Maths Ext 1 Question (1 Viewer)

Skeptyks · Jul 18, 2011

Hey, just posted a thread but that was mathematics not maths ext 1 so I thought making a new thread would be appropriate.

In the figure, two tangents are drawn from the point $P(3, -2)$ to the curve $y=x^{2}-7$ . Find the equations of the two tangents. (Note that the point lies outside the curve)

Now, I have let the gradient of the tangent to be known as $m$
The equation of the tangent is therefore, $\frac{y+2}{x-3}=m$ .
Expanding it out, $y=mx-(3m+2)$ .

Now I have the equations:
$y=x^{2}-7$
and
$y=mx-(3m+2)$
So,
$x^{2}-7=mx-(3m+2)$
$x^{2}-mx+(3m-5)=0$

Now, I am having a bit of trouble finding m...

${y}'=-3x^{-4}$
$At x=2, m=-\frac{3}{16}$
$y-y_{1}=m(x-x_{1})$
$y-\frac{1}{8}=-\frac{3}{16}(x-2)$
$y-\frac{1}{8}=-\frac{3}{16}(x-2)$ $y-\frac{1}{8}=-\frac{3}{6}x+\frac{6}{16}$
Now, we multiply both sides by 16.
$16y-2=-3x+6$
$3x+16y-8=0$

freestyler1 · Jul 18, 2011

fuk off

freestyler1 · Jul 18, 2011

cant you ask it at your matrix tutoring college.

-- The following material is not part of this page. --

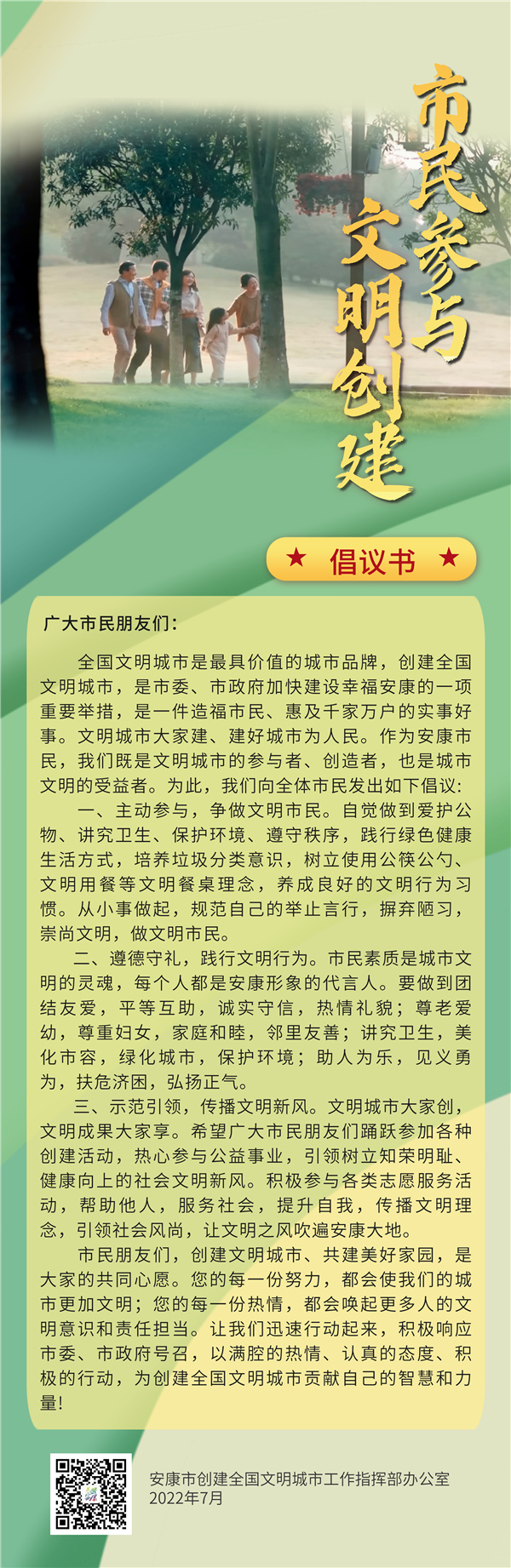 全國文明城市是最具價值的城市品牌,創(chuàng)建全國文明城市,是市委、市政府加快建設(shè)幸福安康的一項重要舉措,是一件造福市民、惠及千家萬戶的實事好事。文明城市大家建、建好城市為人民。作為安康市民,我們既是文明城市的參與者、創(chuàng)造者,也是城市文明的受益者。為此,我們向全體市民發(fā)出如下倡議:??

ohexploitable · Jul 18, 2011

$\\m=2x=\frac{y+2}{x-3}\\y=x^2-7\\\\x=1,\,5$

now find the equations, should be easy

Skeptyks · Jul 18, 2011

No, this is a question our teacher asked us to do. I don't go to a matrix tutoring college, whatever that is...

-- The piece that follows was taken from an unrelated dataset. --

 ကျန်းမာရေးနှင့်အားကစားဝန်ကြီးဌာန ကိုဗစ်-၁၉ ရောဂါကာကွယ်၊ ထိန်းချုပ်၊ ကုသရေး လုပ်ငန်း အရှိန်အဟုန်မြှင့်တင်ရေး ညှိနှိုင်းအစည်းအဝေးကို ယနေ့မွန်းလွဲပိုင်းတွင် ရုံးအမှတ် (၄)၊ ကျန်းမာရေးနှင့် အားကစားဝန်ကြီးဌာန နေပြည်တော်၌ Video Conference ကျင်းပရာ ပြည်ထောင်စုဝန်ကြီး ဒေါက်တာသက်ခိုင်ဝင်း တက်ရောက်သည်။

freestyler1 · Jul 18, 2011

ohexploitable said:
$\\m=2x=\frac{y+2}{x-3}\\y=x^2-7\\\\x=1,\,5$

now find the equations, should be easy

hello smartass

freestyler1 · Jul 18, 2011

Skeptyks said:
No, this is a question our teacher asked us to do. I don't go to a matrix tutoring college, whatever that is...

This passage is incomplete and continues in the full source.